Как и обещал Андрей, Грибоедов отписал грамоту лично нижегородскому воеводе, и Иван Румянцев отбыл из Москвы ещё до полудня, накупив подарков домой. Андрей же отправился к Григорию Ромодановскому. Старый воевода выслушал его и, посмеявшись, сказал, что усё ему блазнитси и он сам себя убеждает в том, чего быть не может. Вернувшись раздосадованный домой, Андрей Алмазов так и не написал письмо Матвееву.
Крепкий мороз хватал за уши и щёки, сковывал движения, а возле колодцев образовался ледяной наст. Деревья трещали, кора на них трескалась. Большая часть горожан сидела по домам, выжидая хоть небольшого послабления морозов.
По Ордынке в сопровождении малой охраны, не более десятка рынд и полусотни стременных стрельцов, двигалась царская карета, поставленная на полозья. Фёдор Алексеевич, осмотрев некоторых из предлагаемых невест, в том числе Фёклу Милославскую и Евдокию Куракину, остался ими недоволен, лишь сильными уговорами боярина Языкова решился съездить в дом Апраксиных глянуть на пятнадцатилетнюю Марфиньку[164], дочь окольничего Матвея Апраксина.
Карета ехала медленно, чтобы не беспокоить ноги государя. Терем Апраксина только отстроился после пожара, и отделка внутри ещё продолжалась. Царя не ждали, и его появление вызвало суматоху. Сам окольничий Матвей Васильевич Апраксин выскочил на мороз в одной рубахе, до земли кланяясь царю, за ним спешили жена, сыновья и дочь Марфинька. Полный переполох. Фёдор Алексеевич, улыбаясь, прошёл в терем, искоса посмотрел на Марфиньку. Почти ребёнок, пятнадцать лет, маленькая, как воробушек, носик остренький, глазки бусинки. Уж Агаша не была высокой, а эта и вовсе в пояс дышит.
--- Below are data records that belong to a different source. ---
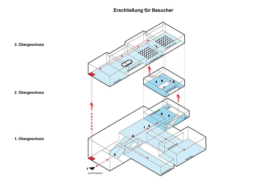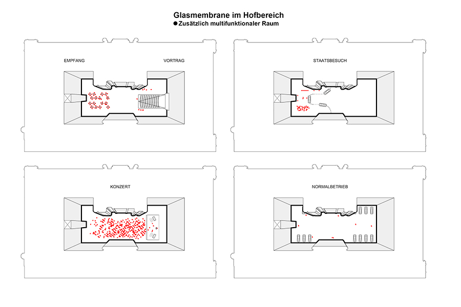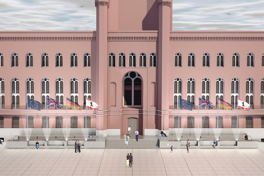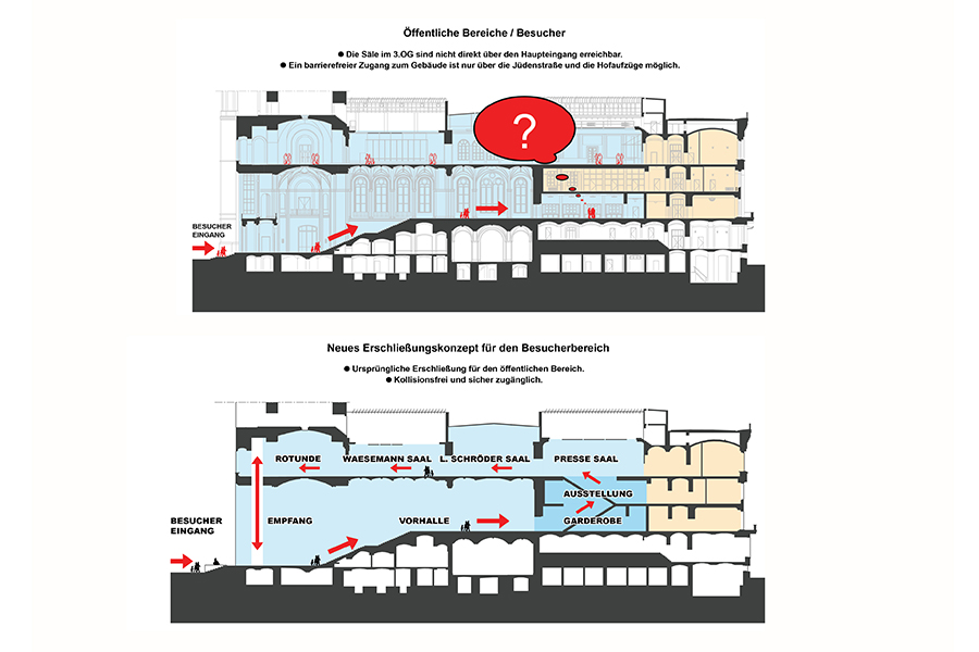Derzeit ist das Rote Rathaus für Besucher nur einge- schränkt barrierefrei zu- gänglich. Staatsgäste wer- den über einen unan- gemessenen Nebeneingang zum Hof empfangen. Durch eine neue Zonierung wer- den diese Defizite beseitigt. Ziel der Studie ist es eine kollisionsfreie und sichere Erschließung des Gebäudes für Besucher, Staatsgäste und Mitarbeiter zu er- möglichen. Barrierefreie Zugänge in allen Bereichen und Witterungsschutzmaß- nahmen in den Höfen bieten zusätzliche Qualitäten. Die Studie zeigt Lösungen für dieses komplexe Thema auf.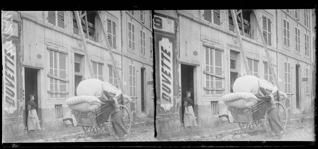 - Dans Reims, l'hôtel de ville est en ruine quelques mois après l'incendie qui dévasta le bâtiment. Au coin d'une rue, une affiche appelle les Français à souscrire au 3e emprunt national. Des réserves d'eau ont été installées par les sapeurs-pompiers.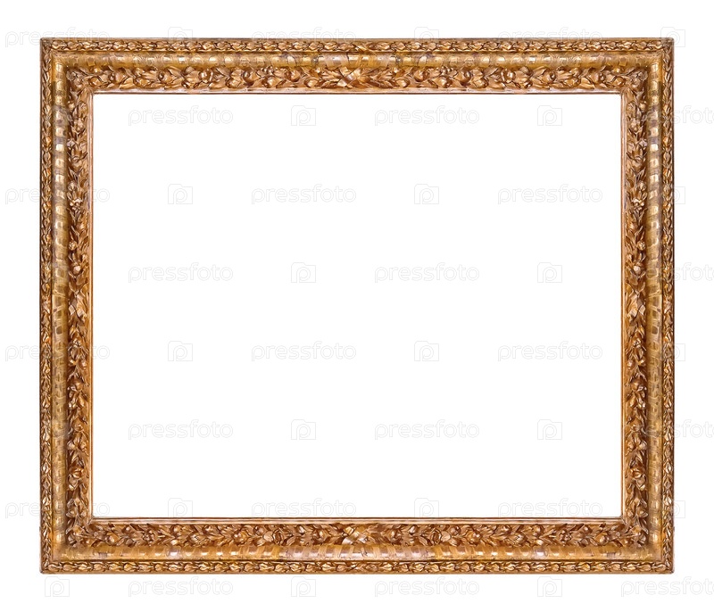 Золотая рама для картин, зеркал или фотографий на белом фоне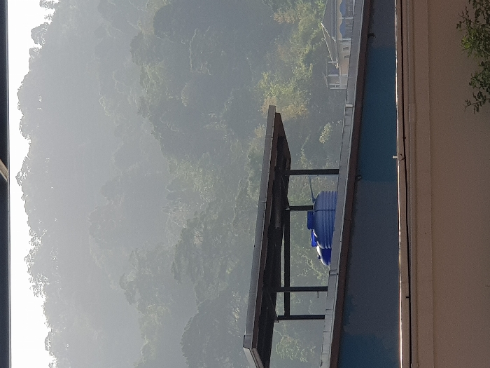 A blurred, mountainous landscape stretches into the distance under a hazy sky. In the foreground, a blue plastic water tank sits atop a metal frame on the edge of a building. The building's exterior is light-colored with a contrasting blue accent. A partial view of a neighboring building is visible to the right, and some greenery is present. The image appears to be taken from an elevated position.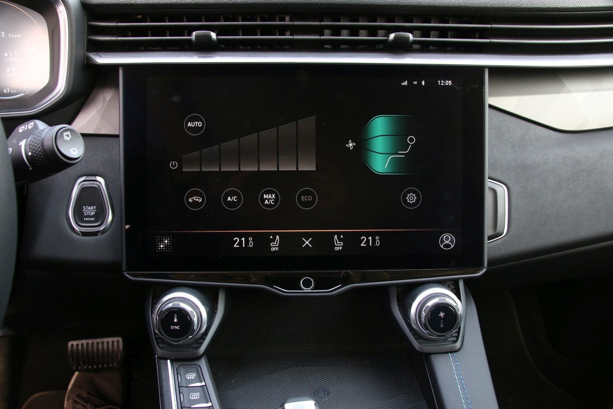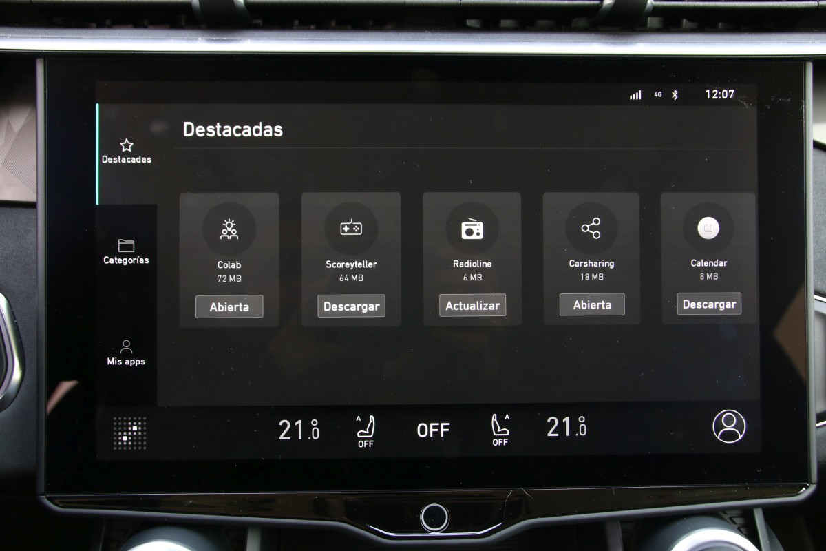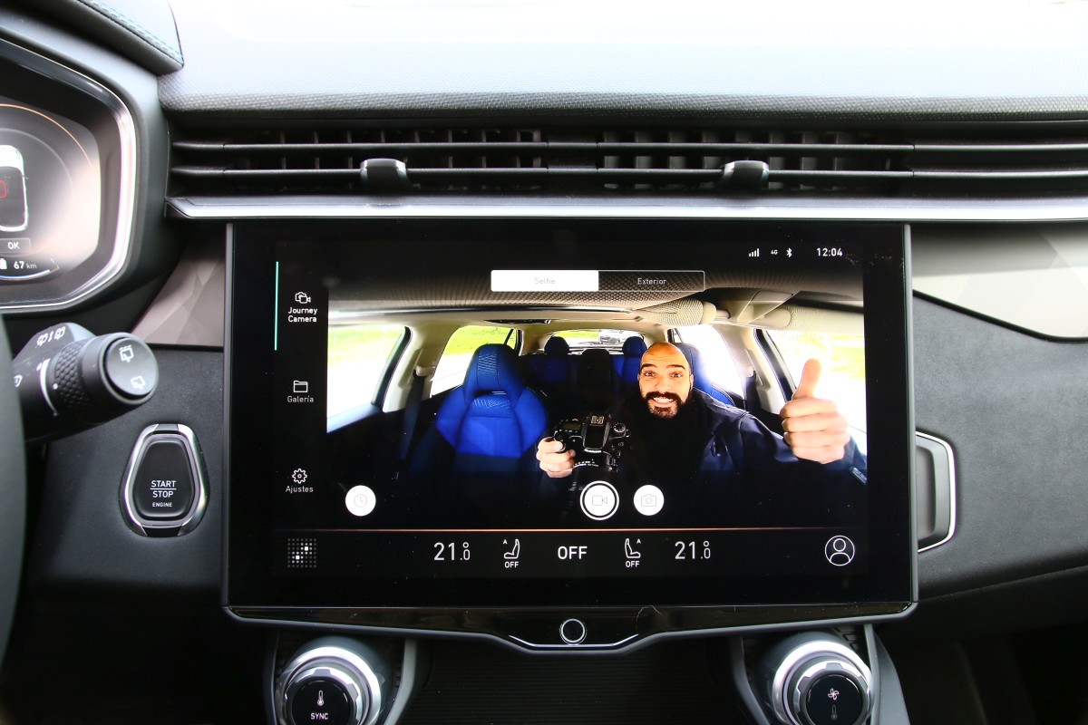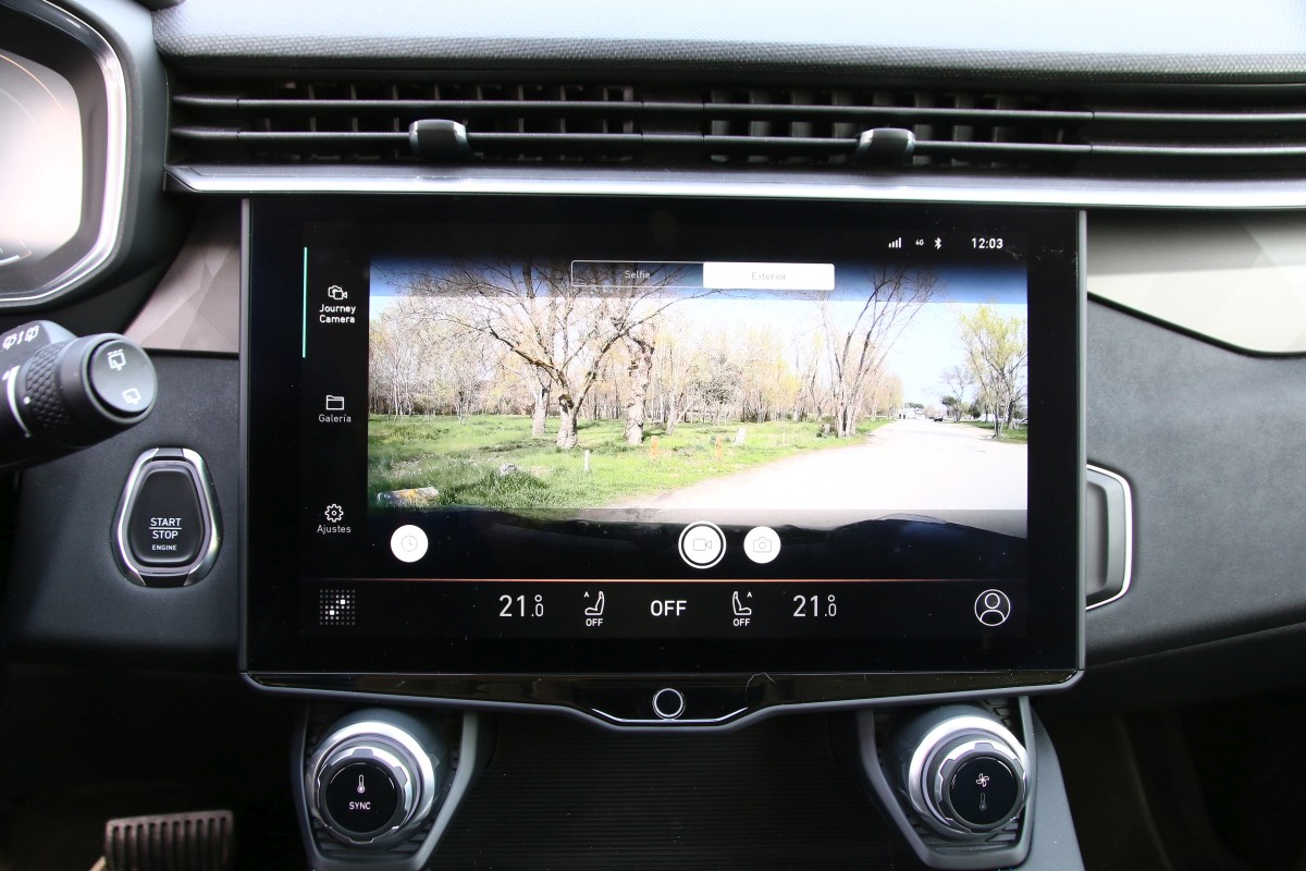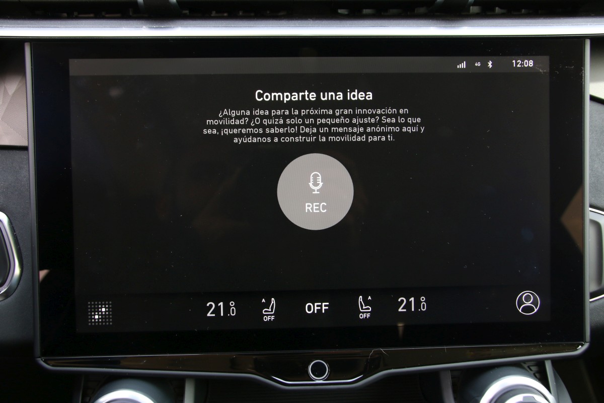 En cuanto al climatizador, luces y sombras porque si bien tenemos dos mandos físicos para aumentar la temperatura y la intensidad amén de botones para el desempaño de las lunetas, cambiar el caudal de aire, apagarlo o encenderlo del todo así como utilizar la función bizona se realizan desde la pantalla. Sin salir del monitor, ciertas curiosidades, puedes descargarte aplicaciones y ponerlas en el menú principal; activar una cámara que haga fotos o video tanto del exterior como del interior e incluso existe un comando que te permite mandar mensajes a la central ya sea “alguna idea para la próxima gran innovación o solo un pequeño ajuste”. Pueden ser anónimos pero sirven para “construir la movilidad” para nosotros.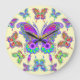 Grande Horloge Ronde Style tatoué Butterfly Colorful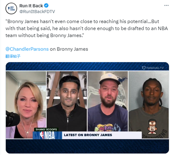 前NBA球员钱德勒-帕森斯在节目中表示:我们还不知道里奇-保罗和谁聊过了,也不知道詹姆斯有没有和谁聊过。因为詹姆斯说过可能会和选择布朗尼的球队签约,这是一个重大的决定。说道布朗尼的比赛,他的大学生涯并不是完美的,但他确实有潜力,尤其是防守端,说不定能够达到NBA级别,他还没有充分发挥他的天赋。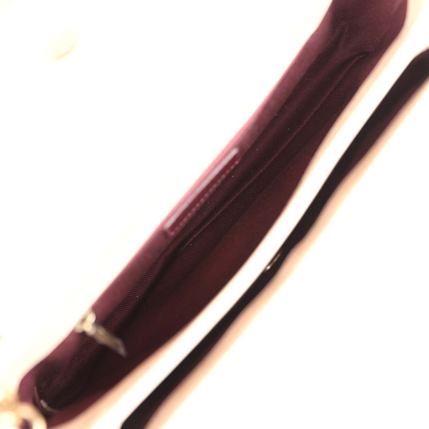 The interior is lined in burgundy fabric with the two main compartments and one interior zipper compartment.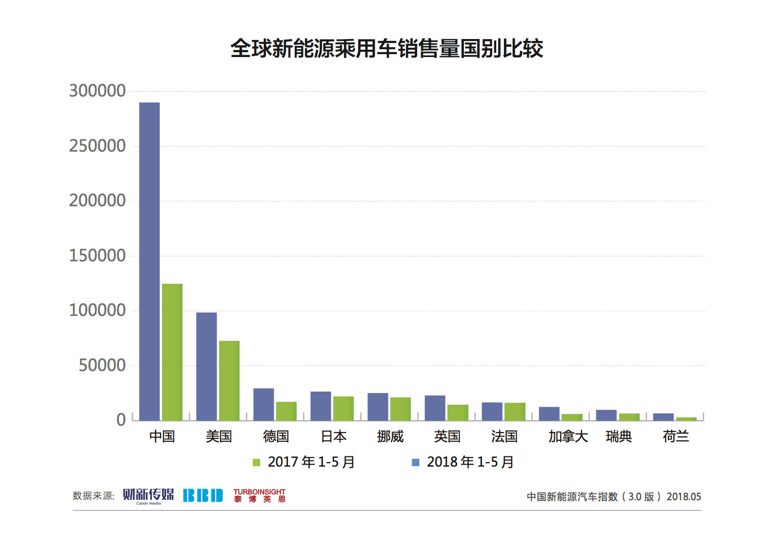 从财新数联的一份报告中可以看出,中国新能源乘用车销售量以29.0万辆(2018年1-5 月份)继续位居全球第一,比去年同期增幅133%。美国、德国和日本紧随其后,但值得注意的是,排在第二的美国比咱们少了1.9倍。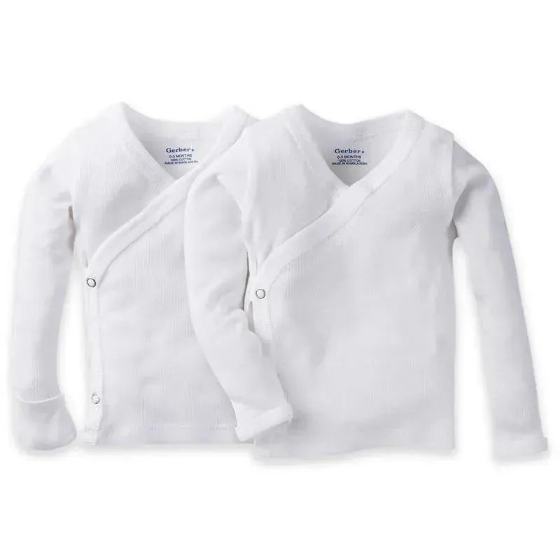 Gerber 2-pack White Side Snap Long Sleeve Shirt with Mitten Cuffs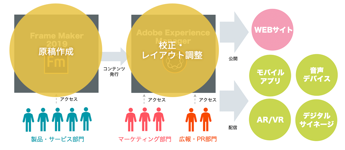FrameMakerからXMLファイルをエクスポートするところまでをFrameMakerを活用している製品・サービス部門の担当者が行ない、さまざまなチャネルに公開する業務に関してはマーケティングや広報・PR部門が担当する、というふうに作業を明確に分けることができれば、導入後に想定される業務上の混乱も最小限に留めることができると考えられます。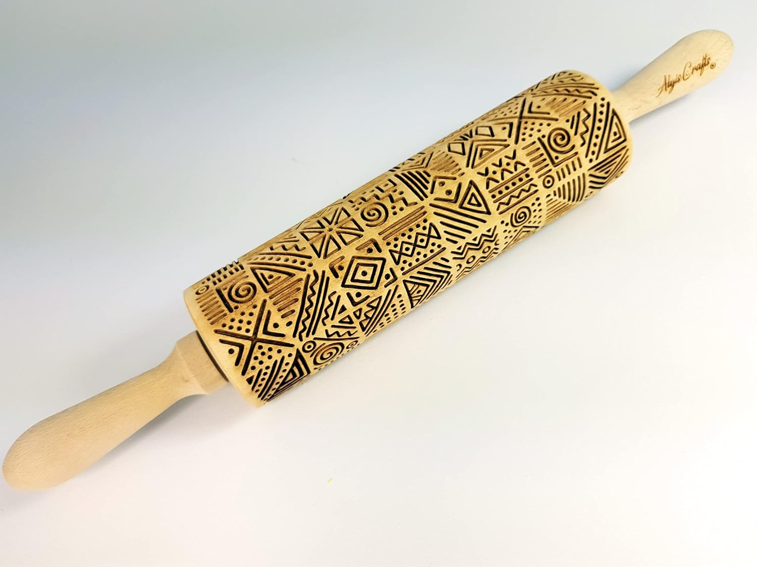 AFRICA Embossing Rolling Pin Dogh Roller with Tribal Pattern for Embossed Cookies and Pottery by Algis Crafts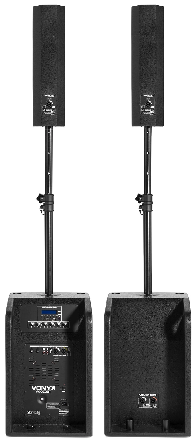 Vonyx VX1050BT to aktywny system dźwiękowy Bluetooth 1150W, z którego można korzystać natychmiast po otrzymaniu. Zestaw składa się z dwóch 12" subwooferów, z których jeden jest aktywny, zestawu topów z 3x 4,5" średniotonowym i 1x 2,5" tweeterem, mikrofonem, słupkami pośrednimi i wszystkimi niezbędnymi kablami do połączenia wszystkiego ze sobą. Zestaw jest szybki i łatwy w montażu , posiada moc 1150W, dzięki czemu idealnie nadaje się na wszelkie imprezy.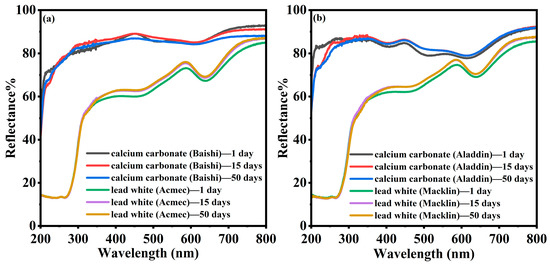 Comparison of diffuse reflection spectra of 30 kGy-irradiated calcium carbonate [(a) Baishi and (b) Aladdin] and lead white [(a) Acmec and (b) Macklin] samples stored for 1~50 days.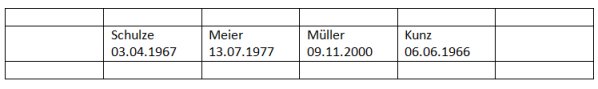 Manchmal ist es notwendig, Daten auch auf Spalten zu verteilen: Ein Beispiel ist die Kursliste für feste Kurse. Hier werden die Kursteilnehmer auf die Spalten der oberen Zeile verteilt.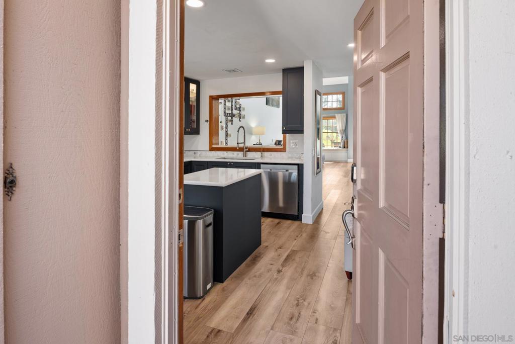 Beautiful single-story home in the highly sought-after Castle Creek community featuring golf course and mountain views. This light-filled residence offers vaulted ceilings, solid flooring throughout, and a thoughtfully designed layout with two bedrooms and two bathrooms. The fully remodeled kitchen features quartz countertops, stainless steel appliances, and modern finishes. The primary suite includes a walk-in closet with storage and direct patio access. The versatile floor plan separates the primary bedroom from the second bedroom and bath, making it ideal for guests, a home office, or a roommate setup. Enjoy relaxing on the private patio overlooking Castle Creek Golf Course or from the charming window seat inside. Additional features include a single-car garage with laundry and an additional dedicated parking space. Located just across from the community pool in a resort-style community where the HOA covers water, sewer, and common area landscaping. Convenient access to I-15 offers an easy commute to Temecula wine country or San Diego.

— Аки отстроился посля пожару, Матвей Васильевич? — перекусив хлеб соль в дому, спросил царь.
— Да вроде жить можно.
Царь расспросил ещё кое о чём Апраксиных и вскорости уехал, озадачив хозяина. А вечером пожаловал Языков.
— Иван Максимович? — удивился Апраксин новому приходу. — Никак што важное?
— Важное, Матвей Васильевич, идём в дом, — скинув шубу, предложил Языков.
В светлице, едва присев на лавку, Языков сказал торжественно:
— Ну, свояк, я к тебе с вестью радостной. Великий государь Фёдор Алексеевич просит твою дочь в жёны.
— Марфиньку? — побледнев, пролепетал Матвей Васильевич.
— Ну а кого же? У тебя, чай, одна дочка.
Апраксин закатил глаза, схватился за сердце, задышал часто, потом, глубоко вздохнув, вымолвил:
— Ну, Иван Максимович, эдак и убити можно.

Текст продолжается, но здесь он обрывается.